Collection entries
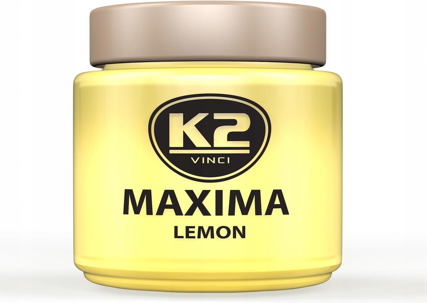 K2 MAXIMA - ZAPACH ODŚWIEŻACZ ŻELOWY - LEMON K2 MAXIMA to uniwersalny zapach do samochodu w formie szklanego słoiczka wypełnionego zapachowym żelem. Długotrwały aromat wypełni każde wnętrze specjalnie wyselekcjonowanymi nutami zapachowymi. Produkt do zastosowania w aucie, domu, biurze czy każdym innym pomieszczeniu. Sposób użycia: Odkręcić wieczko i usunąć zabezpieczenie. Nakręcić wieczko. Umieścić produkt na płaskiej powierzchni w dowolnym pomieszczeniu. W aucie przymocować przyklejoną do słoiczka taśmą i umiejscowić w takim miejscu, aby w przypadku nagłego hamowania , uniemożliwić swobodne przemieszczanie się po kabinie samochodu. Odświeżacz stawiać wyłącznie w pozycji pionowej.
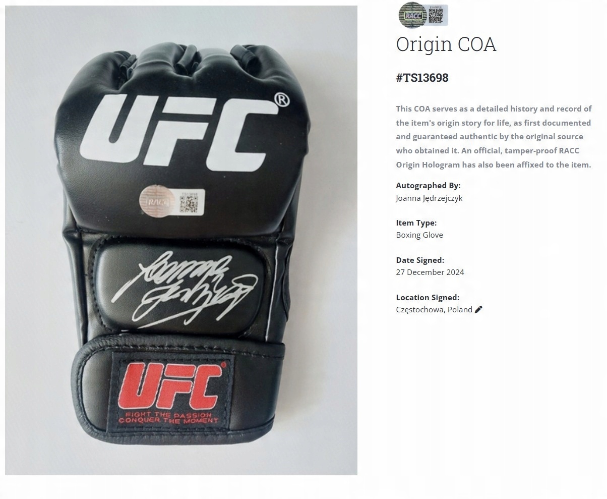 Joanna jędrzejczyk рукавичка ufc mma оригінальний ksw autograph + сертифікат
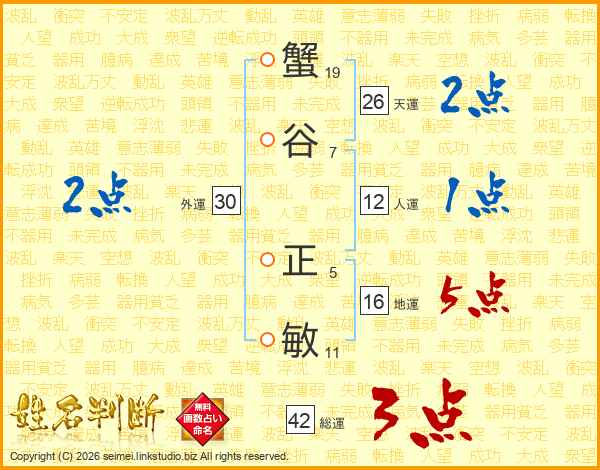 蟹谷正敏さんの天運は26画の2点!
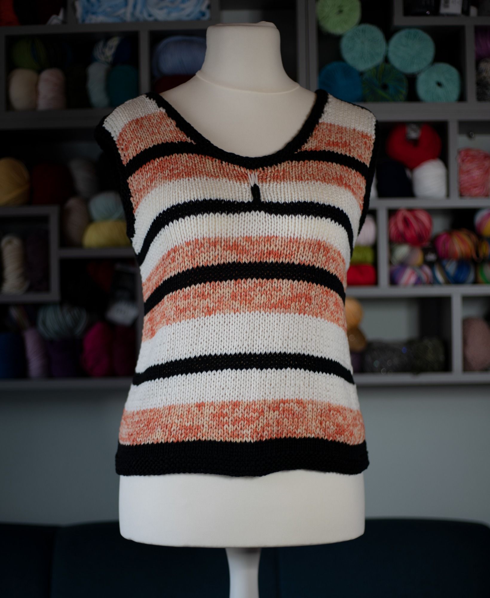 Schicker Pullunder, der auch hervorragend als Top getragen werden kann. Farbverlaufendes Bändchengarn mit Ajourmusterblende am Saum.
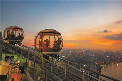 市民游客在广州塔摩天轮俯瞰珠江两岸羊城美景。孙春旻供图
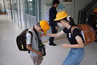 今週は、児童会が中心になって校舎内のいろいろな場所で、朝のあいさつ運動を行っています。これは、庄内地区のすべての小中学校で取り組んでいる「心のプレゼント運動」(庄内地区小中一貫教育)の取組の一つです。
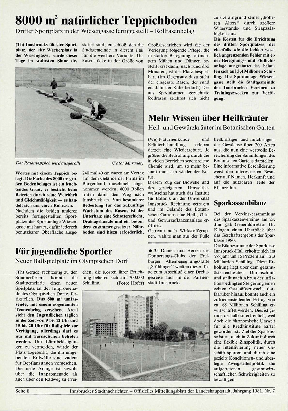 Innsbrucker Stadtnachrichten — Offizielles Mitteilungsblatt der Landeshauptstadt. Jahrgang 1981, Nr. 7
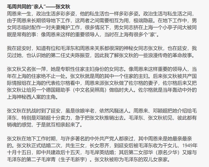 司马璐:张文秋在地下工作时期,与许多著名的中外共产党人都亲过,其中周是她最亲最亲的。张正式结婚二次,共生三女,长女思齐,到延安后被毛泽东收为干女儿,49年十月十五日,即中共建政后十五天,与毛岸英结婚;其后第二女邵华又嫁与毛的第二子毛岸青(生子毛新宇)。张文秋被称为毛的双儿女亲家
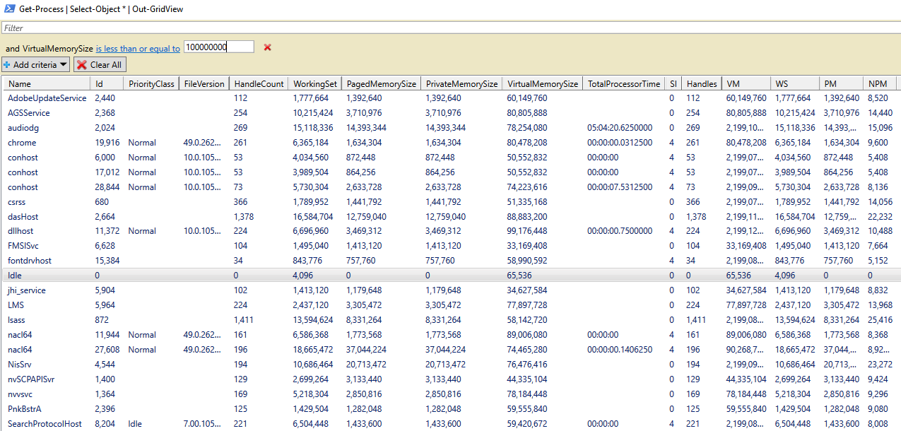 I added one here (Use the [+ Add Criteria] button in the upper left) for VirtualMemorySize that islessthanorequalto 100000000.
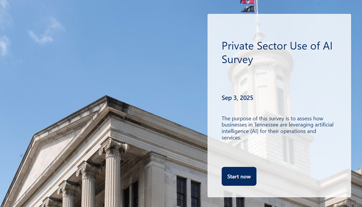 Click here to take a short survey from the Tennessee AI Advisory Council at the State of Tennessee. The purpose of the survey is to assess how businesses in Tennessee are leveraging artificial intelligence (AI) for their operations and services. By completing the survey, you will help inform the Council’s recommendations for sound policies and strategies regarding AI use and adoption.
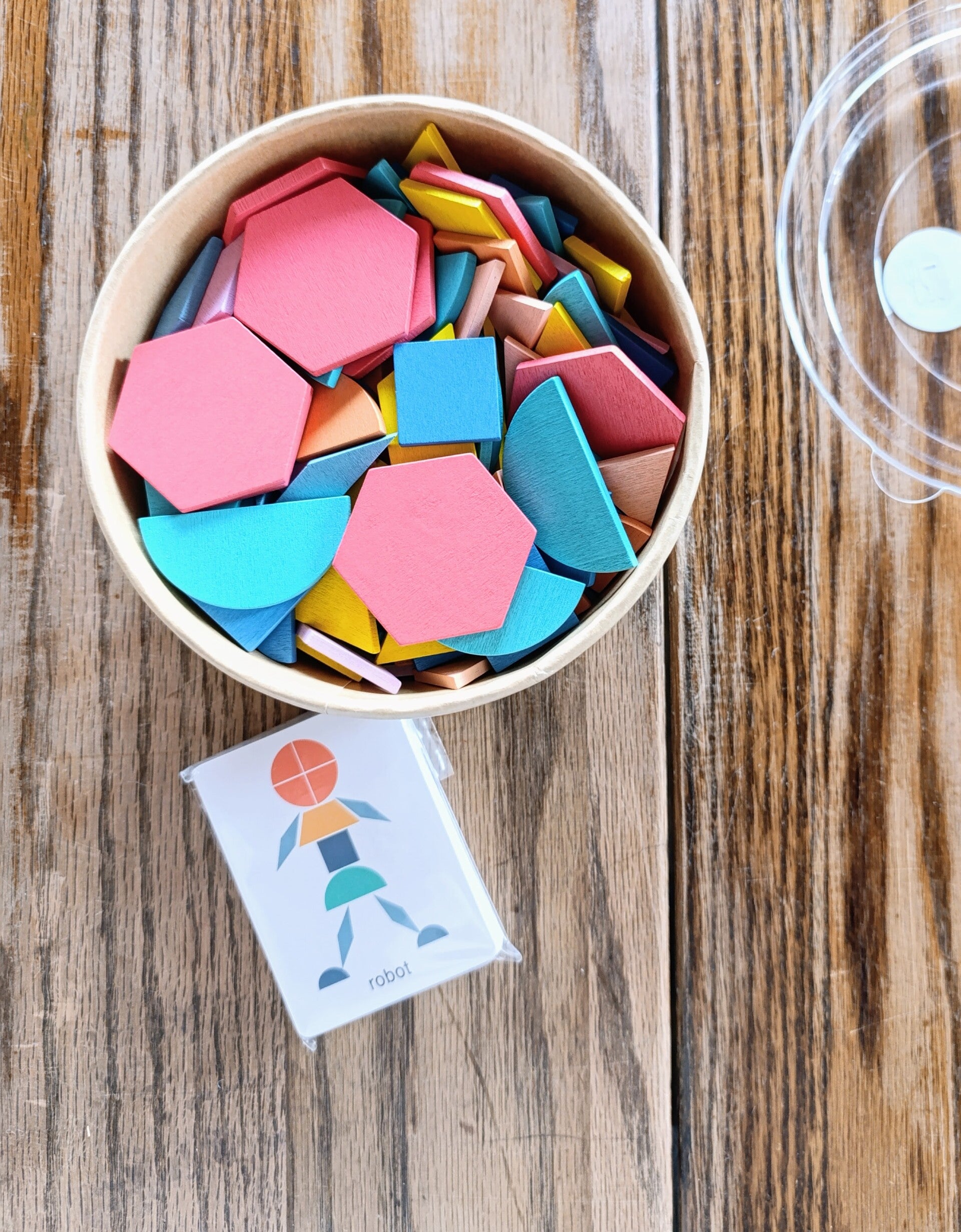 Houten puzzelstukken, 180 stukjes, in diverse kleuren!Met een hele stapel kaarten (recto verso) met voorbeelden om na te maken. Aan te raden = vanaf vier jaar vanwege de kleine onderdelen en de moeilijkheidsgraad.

GOAL OF THE EXERCISE:
In your copy of the records above, include no pictures and match every line exactly.

EXERCISE ANSWER:
 K2 MAXIMA - ZAPACH ODŚWIEŻACZ ŻELOWY - LEMON K2 MAXIMA to uniwersalny zapach do samochodu w formie szklanego słoiczka wypełnionego zapachowym żelem. Długotrwały aromat wypełni każde wnętrze specjalnie wyselekcjonowanymi nutami zapachowymi. Produkt do zastosowania w aucie, domu, biurze czy każdym innym pomieszczeniu. Sposób użycia: Odkręcić wieczko i usunąć zabezpieczenie. Nakręcić wieczko. Umieścić produkt na płaskiej powierzchni w dowolnym pomieszczeniu. W aucie przymocować przyklejoną do słoiczka taśmą i umiejscowić w takim miejscu, aby w przypadku nagłego hamowania , uniemożliwić swobodne przemieszczanie się po kabinie samochodu. Odświeżacz stawiać wyłącznie w pozycji pionowej.
 Joanna jędrzejczyk рукавичка ufc mma оригінальний ksw autograph + сертифікат
 蟹谷正敏さんの天運は26画の2点!
 Schicker Pullunder, der auch hervorragend als Top getragen werden kann. Farbverlaufendes Bändchengarn mit Ajourmusterblende am Saum.
 市民游客在广州塔摩天轮俯瞰珠江两岸羊城美景。孙春旻供图
 今週は、児童会が中心になって校舎内のいろいろな場所で、朝のあいさつ運動を行っています。これは、庄内地区のすべての小中学校で取り組んでいる「心のプレゼント運動」(庄内地区小中一貫教育)の取組の一つです。
 Innsbrucker Stadtnachrichten — Offizielles Mitteilungsblatt der Landeshauptstadt. Jahrgang 1981, Nr. 7
 司马璐:张文秋在地下工作时期,与许多著名的中外共产党人都亲过,其中周是她最亲最亲的。张正式结婚二次,共生三女,长女思齐,到延安后被毛泽东收为干女儿,49年十月十五日,即中共建政后十五天,与毛岸英结婚;其后第二女邵华又嫁与毛的第二子毛岸青(生子毛新宇)。张文秋被称为毛的双儿女亲家
 I added one here (Use the [+ Add Criteria] button in the upper left) for VirtualMemorySize that islessthanorequalto 100000000.
 Click here to take a short survey from the Tennessee AI Advisory Council at the State of Tennessee. The purpose of the survey is to assess how businesses in Tennessee are leveraging artificial intelligence (AI) for their operations and services. By completing the survey, you will help inform the Council’s recommendations for sound policies and strategies regarding AI use and adoption.
 Houten puzzelstukken, 180 stukjes, in diverse kleuren!Met een hele stapel kaarten (recto verso) met voorbeelden om na te maken. Aan te raden = vanaf vier jaar vanwege de kleine onderdelen en de moeilijkheidsgraad.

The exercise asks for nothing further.